ASSIGNED TASK: Exactly the lines below starting at the line with "Zdj. 1 Dziedziniec" and ending at the line with "Språkroboten Chat GPT-4" are wanted, with both ends included. Leave out the pictures and add no other lines.

STUDY MATERIAL:
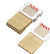
194746-9 Papieren stofzak voor stofbox
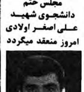
ان الله اشتری من المؤمنین انفسهم و اموالهم بان لهم الجنة
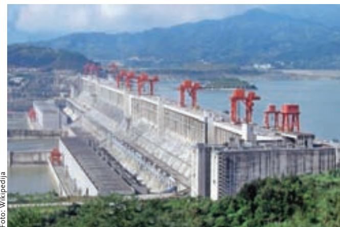
Komunistična Kitajska: njeno veličino simbolizira Jez Treh sotesk na reki Jangce, največji hidroelektrični jez na svetu.
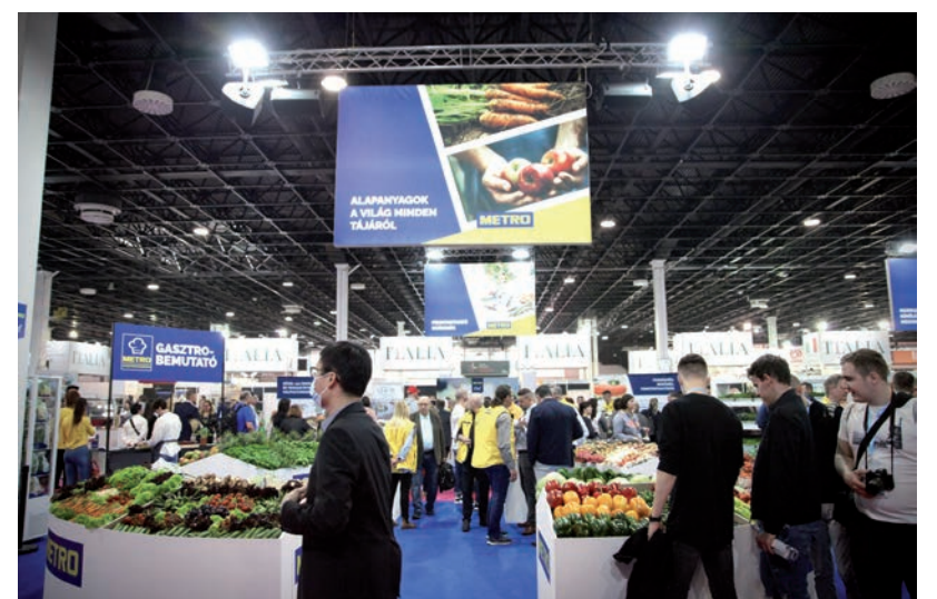
A KÖLTSÉGEK EMELKEDÉSÉT A PÉNZTÁRCÁNK IS MEGÉRZI.

A rendezvényre kilátogatott Papp Zsolt György, az Agrárminisztérium vidékfejlesztésért felelős helyettes államtitkára is, aki a Magyarországon termelt élelmiszert hazánk önrendelkezésében kulcskérdésként látja. Nyilatkozatában azt mondta, nagy a potenciál a mezőgazdaságban, annak a célnak az érdekében, hogy saját magunknak tudjunk megbízható, jó minőségű élelmiszert előállítani. Ezt a célt tűzte maga elé
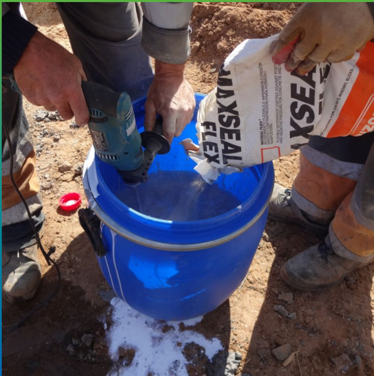
Затворение 2-х компонентов Макссил Флекс
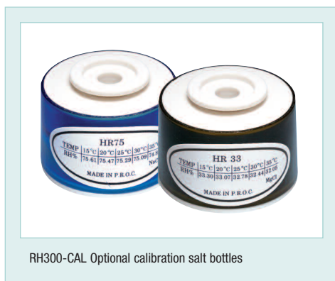
RH300-CAL Optional calibration salt bottles
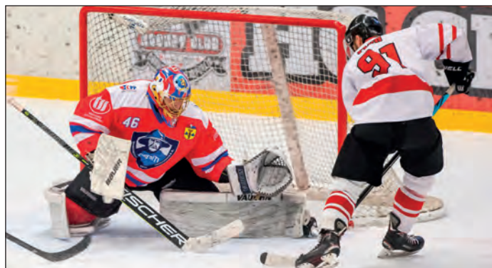
Osmifinále mužů s Chrudimí, FOTO: Archiv oddílu LH

V sezóně 2022–2023 se nejvyšší krajská soutěž mužů opět hrála systémem, kdy se v první části potkaly týmy v rámci svého kraje a ve druhé části pokračovala nadstavba ve dvou výkonnostních skupinách společně s týmy z Pardubického kraje. Do osmifinále play-off pak vstoupilo všech 16 účastníků, hrálo se na tři vítězné zápasy. V úvodní části jsme střídali povedené zápasy s těmi méně povedenými, hlavně se nám nedařilo na hřištích soupeřů, a tak jsme skončili na 6. místě Královéhradecké skupiny s výrazným desetibodovým odstupem za první čtyřkou. V nadstavbové skupině jsme až do závěrečného zápasu hráli o prvenství ve skupině. Nakonec jsme obsadili 3. místo a v osmifinále nás čekal 6. tým z naprosto vyrovnané A skupiny společné soutěže, tým HC Chrudim. Osmifinálovou sérii jsme zahájili překvapivou výhrou na ledě soupeře, Chrudim na oplátku vyhrála na našem
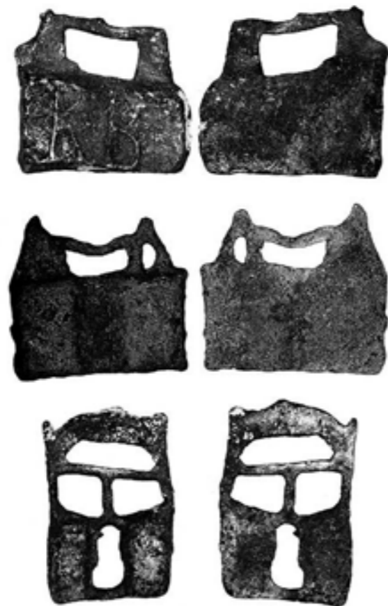
Figura 8. Lingots d'estany del derelictes Port Vendres II, de 10,48, 6,45 i 3,27 quilògrams (Colls et al. 1977).

Portvendres, de l'època de Claudi. L'enfonsament del derelictes esmentat s'ha proposat de mitjans del segle I dC, atesa la càrrega, d'entre la qual destaquen les àmfores vineres i olieres de la Bètica, i altres lingots de plom i de coure que feien costat als d'estany (figura 8), un estany del qual s'ha proposat que seria originari de les Illes Britàniques o de la península Ibèrica (Colls et al. 1977; Rico 2011; Rico, Domergue 2016).
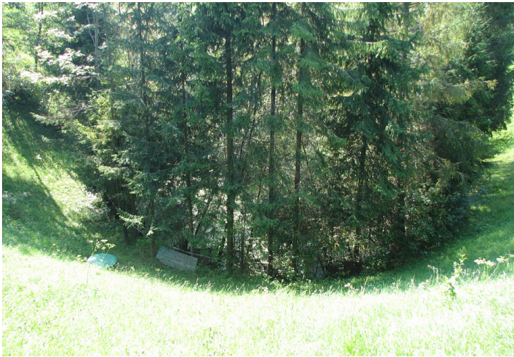
Рис. 3. Карстова лійка з плаваючим острівцем в урочищі Погребнич (2010 р.)

Не тільки в урочищі Погребнич відомі виходи на поверхню джерел соляної ропи, ними також багате урочище Посіч. У той же час, в урочищі Погребнич зафіксовані карстові форми, а в урочищі Посіч їх не виявлено. На нашу думку, це пов'язано зі зміною рівня ґрунтових вод під час промислового видобування солі в XVIII–XIX ст., внаслідок чого там активізувалися карстові процеси.
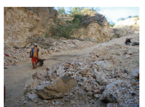
Figura 25: O uso das carroças torna o serviço ainda mais pesado no Alto Formiga.

A maioria das jazidas tem sua vida útil sacrificada, em virtude dos rejeitos serem depositados em locais onde existe minério. Isso acontece devido às precárias condições de transporte para deposição de rejeitos, feitas em quase 100% dos casos através dos carrinhos de mão. Nas figuras 25 e 26 estas condições precárias de trabalho são bem observadas.
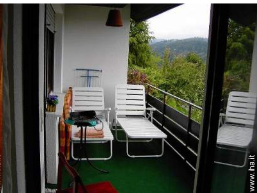
vista dalla loggia
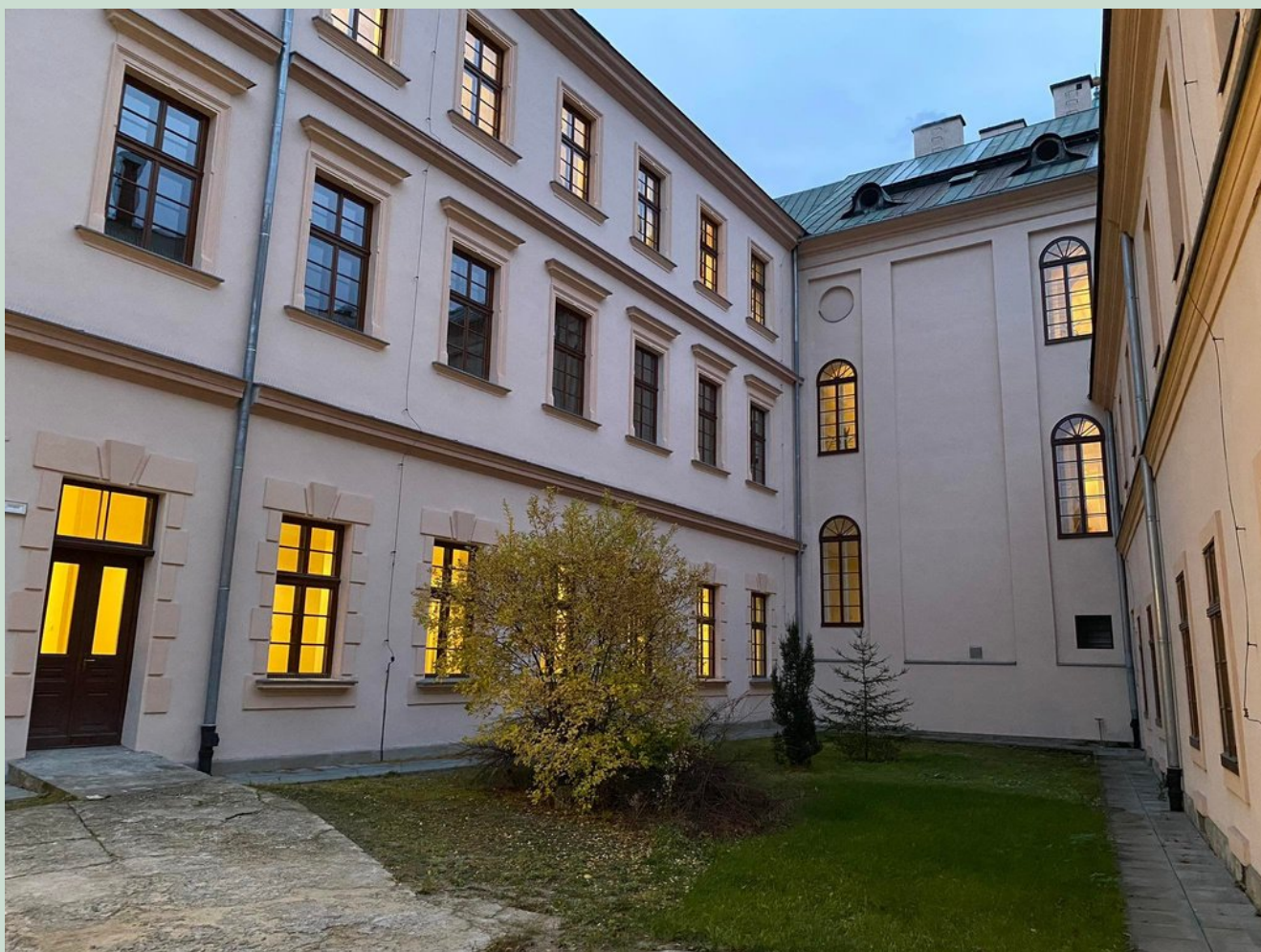
Zdj. 1 Dziedziniec "A" wraz z drzwiami wejściowymi (po lewej stronie)
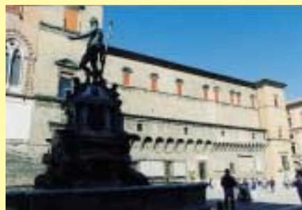
Vista della Sala "ex Borsa" da piazza Maggiore (BO)

Fin dal 1568, il cuore del palazzo-castello del Cardinale Legato, che si ergeva nel centro storico di Bologna, fu trasformato, per opera di Ulisse Aldrovandi, professore dell'Ateneo bolognese, nel secondo orto botanico del mondo, dopo quello di Padova del 1545. Nel 1765 all'orto botanico venne assegnata una nuova sede e questo spazio, che originariamente ospitava al centro la cisterna-pozzo del Terribilia, fu utilizzato per quasi un secolo, come corte di addestramento del corpo dei vigili del fuoco, istituito dopo la Rivoluzione Francese. Fu nel 1883 che il Consiglio Comunale di Bologna autorizzò la costruzione di un complesso architettonico destinato ad ospitare i locali della Borsa di Commercio. Il progetto fu redatto dall'ing. Alfredo Cottrau e dagli ingg. Kohlen e Baubée per le ghise, e la realizzazione delle opere fu affidata all'Impresa Industriale Italiana di Costruzioni Metalliche di Napoli, dello stesso Cottrau. La realizzazione dell'edificio ad un piano, costituito da un padiglione in ghisa e vetro, con un salone centrale ed uffici dislocati lungo il perimetro, fu conclusa nel 1886, mentre le funzioni di "borsa" rimasero attive fino al 1903, anno in cui si stabilì la sospensione delle attività per la scarsità degli affari trattati. Per questo motivo, fino al 1920, l'edificio venne utilizzato come sede di un ristorante, mentre dal 1913 alcuni uffici perimetrali ospitarono la sede di uno sportello della Cassa di Risparmio.
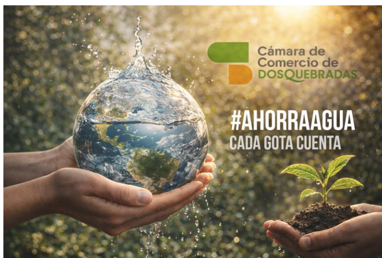
Imagen / Campaña #AhorraAgua

Las acciones de control, revisión, calibración y cambio de grifos en lavamanos y sanitarios de mecanismos ahorradores de acuerdo a la necesidad, inspecciones de las condiciones de la tubería y campañas de concientización del buen uso del recurso hídrico, tales como tips y consejos para consumir de manera responsable este recurso.
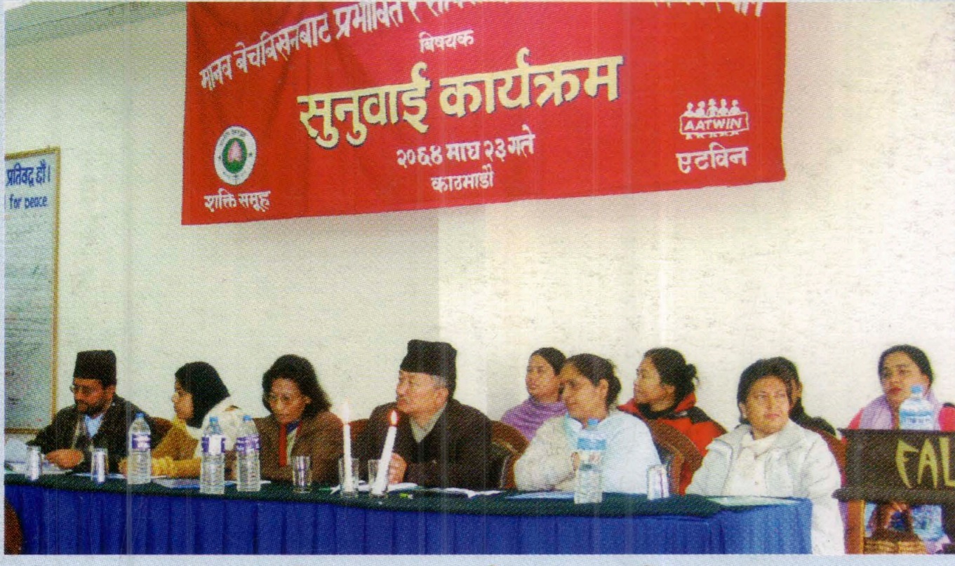
‘मानव बेचबिखनबाट प्रभावित तथा संविधानसभामा प्रभावितहरूको स्थान’ विषयक अन्तरक्रिया
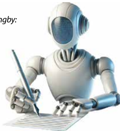
Språkroboten Chat GPT-4 har skrivit den här artikeln och skapat illustrationerna.

Norra Ängby började utvecklas som ett bostadsområde på 1930-talet som en del av Stockholms stads trädgårdsstads-satsning. Målet var att skapa en balans mellan stadsliv och natur, där invånarna
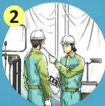
リスクアセスメントの実施
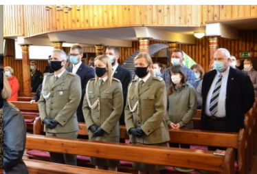
Ostatnie pożegnanie bohatera
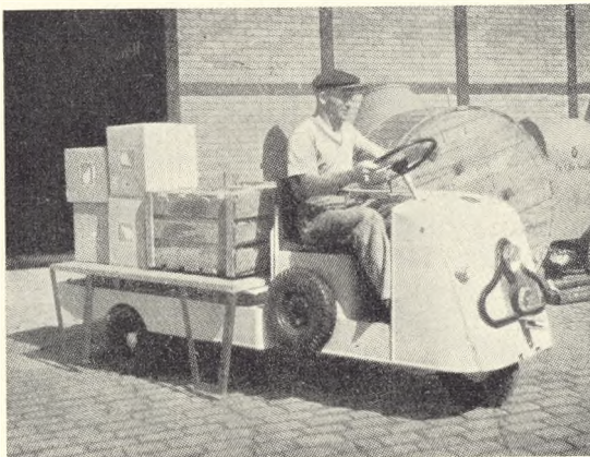
Fig. 27. Hirst. Industritruck.

kumme, hvor gravstenene vender indskriften udad, idet alle 4 hjørner er dannet af fragmenter af fine gamle bremersten o. l. Vi fandt disse, da Skærbæk kirkegård blev udvidet, og vi syntes, de var for pæne til at gå til, ligesom der intet af betydning kunne indvindes imod, at de (enten plattyske eller andre) indskrifter, der var hugget så sirligt og fint, meldte sig med deres brudstykkevise tale til beskuere og brugere af vandkummen. Også til den øvrige del af kummen fandt vi sokkelsten og kantsten etc. i ædle materialer, så kun selve avdækningen måtte fremskaffes (fra Bornholm). Arbejdet udførtes med megen forståelse af kampstensmurer, entreprenør M. Nielsen i Skanderborg.
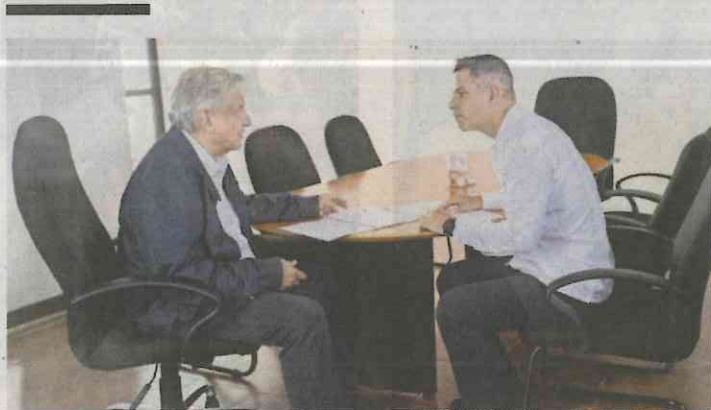
Andrés Manuel López Obrador y Alejandro Murat

Nos recuerdan que el pasado 23 de noviembre, el líder de los senadores morenistas, Ricardo Monreal , señaló que el presupuesto entre el Senado y la Cámara de Diputados, sería 25% menor al de otras legislaturas. Sin embargo, al hacer las cuentas el día de ayer sólo se llegó a un recorte de 16%. Nos hacen ver que ahora van a tener que cumplir con lo prometido, pues el anuncio del ahorro de 25% se dio con mucho ruido mediático por lo que meter reversa sería muy costoso en momentos en que los legisladores de Morena mantienen un diferendo con el Poder Judicial. Todo indica que los legisladores tendrán que aplicar más medidas de austeridad, por lo menos en San Lázaro, ya que ahí los diputados se dejaron intacto su sueldo base y su gratificación de fin de año.
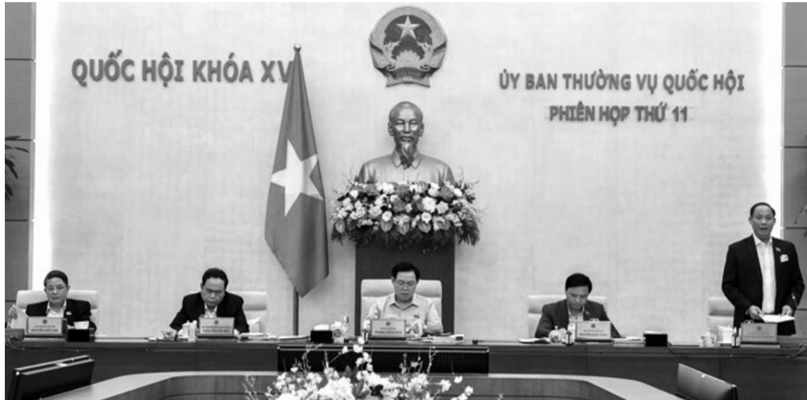
● Phó Chủ tịch Quốc hội Trần Quang Phương điều hành nội dung làm việc chiều 11/5.

Theo Dự thảo báo cáo tổng hợp ý kiến, kiến nghị của cử tri và nhân dân gửi đến Kỳ họp thứ 3, QH khóa XV do Chủ tịch Ủy ban Thường vụ Quốc hội Nguyễn Xuân Phúc trình bày tại phiên họp, cử tri và nhân dân vui mừng, phấn khởi, đánh giá cao sự lãnh đạo của Đảng, Nhà nước và những kết quả to lớn, toàn diện mà đất nước ta đã đạt được trên các lĩnh vực. Bên cạnh đó, cử tri và nhân dân còn trăn trở, băn khoăn, lo lắng về một số vấn đề, như những khó khăn, thách thức nhiều mặt do dịch COVID-19 gây ra; tiến độ giải ngân vốn đầu tư công và gói hỗ
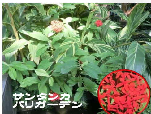
サンタンカン パレオニクス
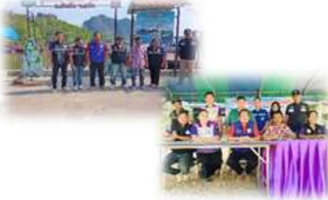
โครงการป้องกันและลดอุบัติเหตุทางถนน
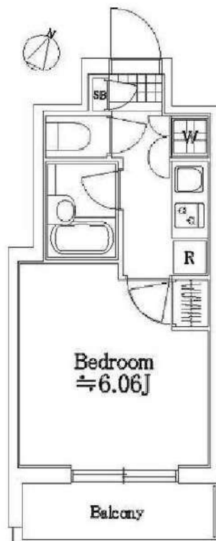
図面が現状と異なる場合は現状優先とします。 更新料:新賃料の1.5ヶ月分

YOUR SOLUTION:
Zdj. 1 Dziedziniec "A" wraz z drzwiami wejściowymi (po lewej stronie)
Vista della Sala "ex Borsa" da piazza Maggiore (BO)

Fin dal 1568, il cuore del palazzo-castello del Cardinale Legato, che si ergeva nel centro storico di Bologna, fu trasformato, per opera di Ulisse Aldrovandi, professore dell'Ateneo bolognese, nel secondo orto botanico del mondo, dopo quello di Padova del 1545. Nel 1765 all'orto botanico venne assegnata una nuova sede e questo spazio, che originariamente ospitava al centro la cisterna-pozzo del Terribilia, fu utilizzato per quasi un secolo, come corte di addestramento del corpo dei vigili del fuoco, istituito dopo la Rivoluzione Francese. Fu nel 1883 che il Consiglio Comunale di Bologna autorizzò la costruzione di un complesso architettonico destinato ad ospitare i locali della Borsa di Commercio. Il progetto fu redatto dall'ing. Alfredo Cottrau e dagli ingg. Kohlen e Baubée per le ghise, e la realizzazione delle opere fu affidata all'Impresa Industriale Italiana di Costruzioni Metalliche di Napoli, dello stesso Cottrau. La realizzazione dell'edificio ad un piano, costituito da un padiglione in ghisa e vetro, con un salone centrale ed uffici dislocati lungo il perimetro, fu conclusa nel 1886, mentre le funzioni di "borsa" rimasero attive fino al 1903, anno in cui si stabilì la sospensione delle attività per la scarsità degli affari trattati. Per questo motivo, fino al 1920, l'edificio venne utilizzato come sede di un ristorante, mentre dal 1913 alcuni uffici perimetrali ospitarono la sede di uno sportello della Cassa di Risparmio.
Imagen / Campaña #AhorraAgua

Las acciones de control, revisión, calibración y cambio de grifos en lavamanos y sanitarios de mecanismos ahorradores de acuerdo a la necesidad, inspecciones de las condiciones de la tubería y campañas de concientización del buen uso del recurso hídrico, tales como tips y consejos para consumir de manera responsable este recurso.
‘मानव बेचबिखनबाट प्रभावित तथा संविधानसभामा प्रभावितहरूको स्थान’ विषयक अन्तरक्रिया
Språkroboten Chat GPT-4 har skrivit den här artikeln och skapat illustrationerna.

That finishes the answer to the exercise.